Children need love, shelter, structure, food, and more. Moms, however, need only coffee and wine.

This has annoyed me almost since I first had kids. It bugs me in two directions. On one hand, it is the Mommy Martyrdom Myth. Our lives are just so, so hard. On the other hand, it feels like mom’s life is just one self-indulgent party complete with time-of-day appropriate refreshments. My mom’s experience only fits neatly into either of those camps.

I remember the thrill of drinking both coffee and alcohol as a young person. They both represented novel, cool experiences. How does it still feel this way? You know there is no global shortage of coffee beans or ethanol.

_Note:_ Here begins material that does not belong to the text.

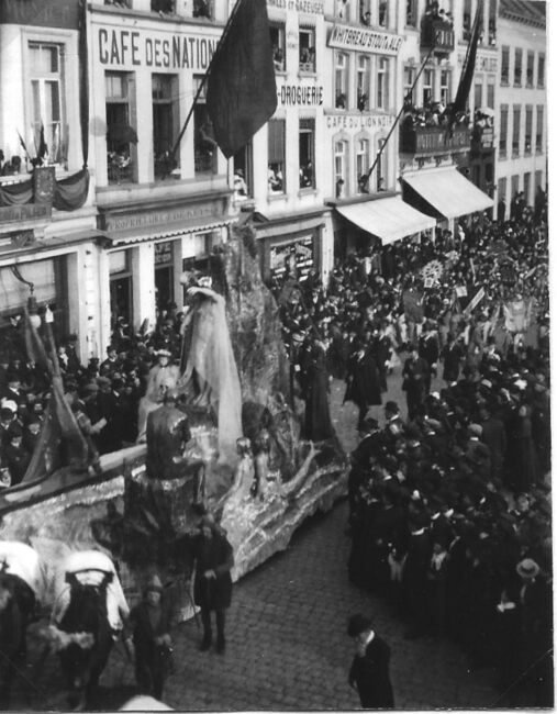12 foto's formaat : 10 x 8 cm. - Met 12 negatieven in omslag en 12 vergrotingen, formaat : 29 x 21 cm. - Foto's : (3) Praalwagen van de vereniging" De Oude Wasschers" met als thema "L'Union…

Sure, when the kids were younger, it did get monotonous to make lunch 10,000 days in a row (that’s what it felt like anyway). And, I guess cutting and pasting those box tops (I am aging myself here) went quicker with a spirit or two. But was it the coffee or the wine that helped?

Maybe it is the early isolation of being a mom that drives us to these two identities – not only for the substances themselves but for the feeling of community around them. When we talk about “mommy juice,” we feel included in a large group of people like us, trudging through the challenges and celebrating the wins.

I was once on a class mom group chat that consisted almost entirely of shared memes about wine and coffee. Maybe that was just a way to reach out, “We are in this together. And I currently need some support.” Perhaps just getting a few hearts on the meme we sent out 30 seconds ago was all we needed.

I get it now – it’s not coffee and wine. It’s friendship, connection, empathy, and shared experiences. We still need these things.

Still, if you don’t belong to the coffee/wine tribe, I see you. You belong. We are in this together. Let’s raise a green juice together – because that’s not annoying.